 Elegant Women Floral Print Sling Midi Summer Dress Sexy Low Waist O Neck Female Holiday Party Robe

==

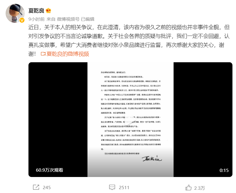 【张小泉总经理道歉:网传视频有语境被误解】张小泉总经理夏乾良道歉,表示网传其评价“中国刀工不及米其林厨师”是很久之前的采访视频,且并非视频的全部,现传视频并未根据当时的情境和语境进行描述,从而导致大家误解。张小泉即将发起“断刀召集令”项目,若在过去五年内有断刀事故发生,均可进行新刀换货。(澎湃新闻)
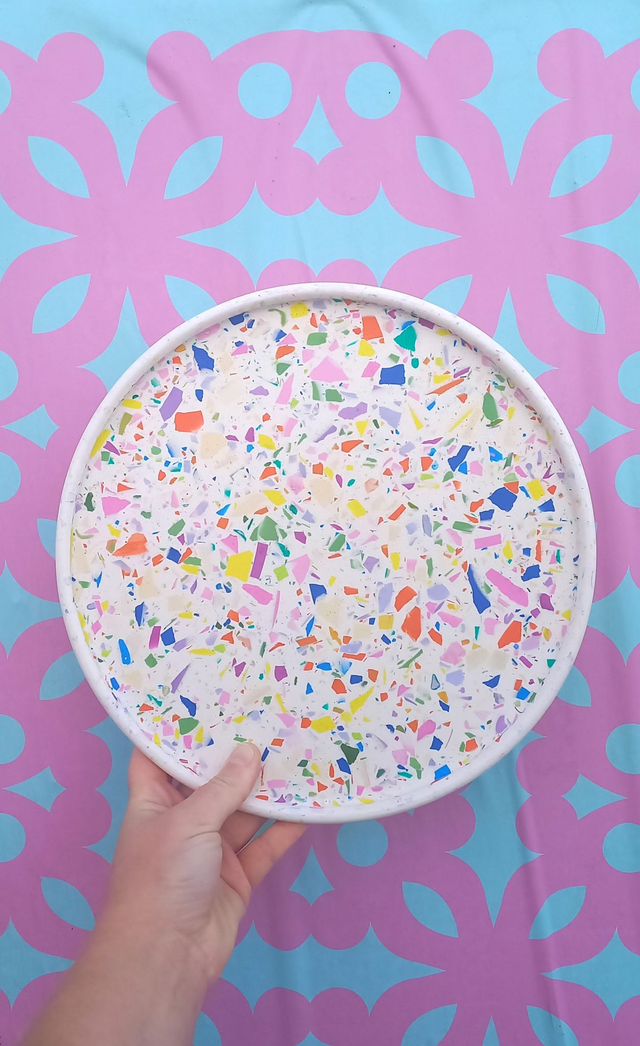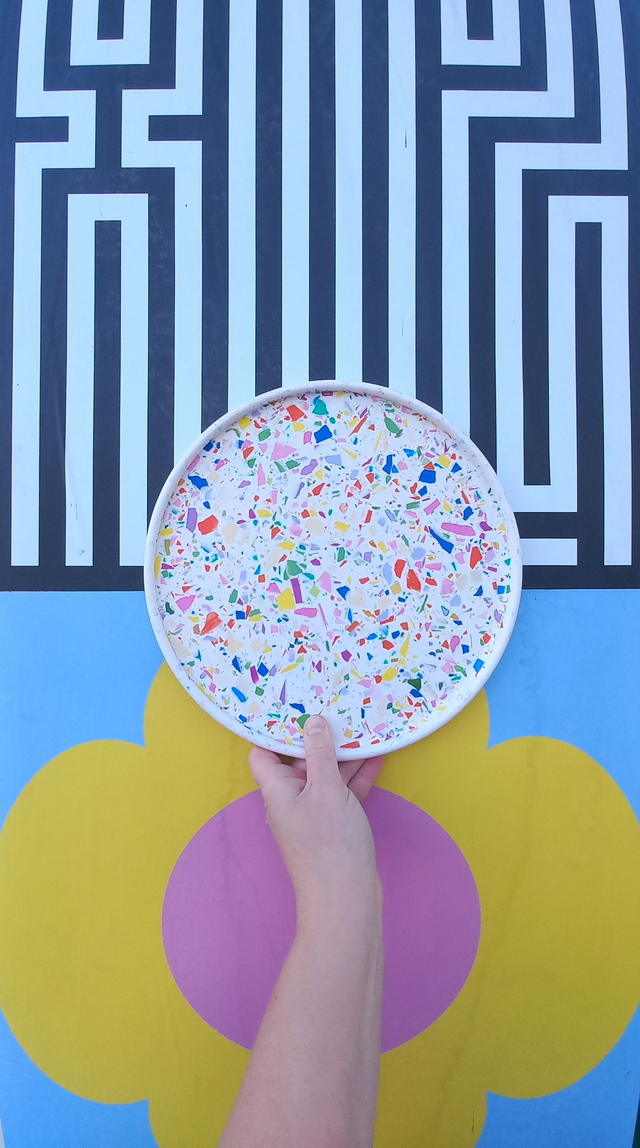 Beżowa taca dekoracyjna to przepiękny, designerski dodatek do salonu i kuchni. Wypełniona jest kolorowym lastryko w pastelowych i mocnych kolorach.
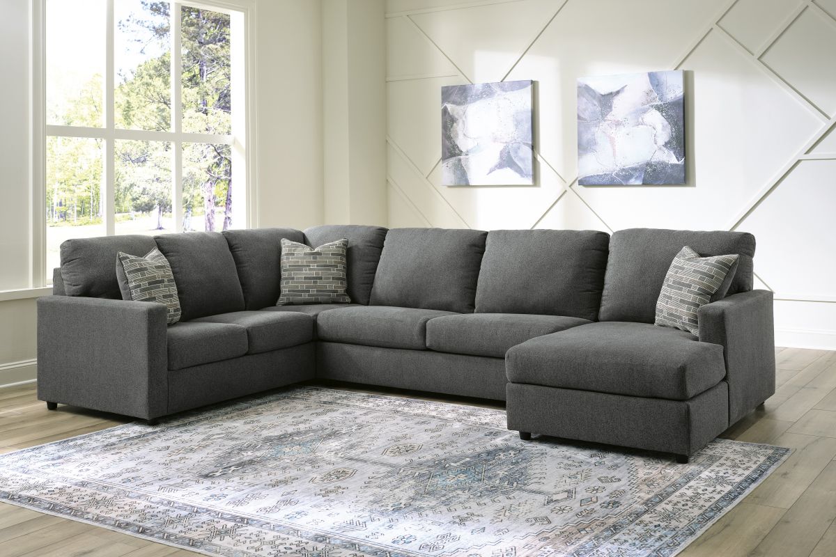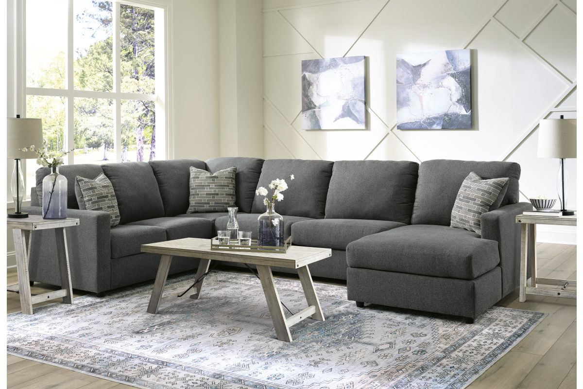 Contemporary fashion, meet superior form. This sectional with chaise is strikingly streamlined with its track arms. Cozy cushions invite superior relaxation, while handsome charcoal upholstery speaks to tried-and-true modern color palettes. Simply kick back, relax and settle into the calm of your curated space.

Brief - In the listing above, find the line containing "Beżowa taca dekoracyjna" and the line containing "Contemporary fashion, meet". Reproduce those lines and all between them exactly, with no pictures and nothing more.

Solution to this exercise -
 Beżowa taca dekoracyjna to przepiękny, designerski dodatek do salonu i kuchni. Wypełniona jest kolorowym lastryko w pastelowych i mocnych kolorach.
 Contemporary fashion, meet superior form. This sectional with chaise is strikingly streamlined with its track arms. Cozy cushions invite superior relaxation, while handsome charcoal upholstery speaks to tried-and-true modern color palettes. Simply kick back, relax and settle into the calm of your curated space.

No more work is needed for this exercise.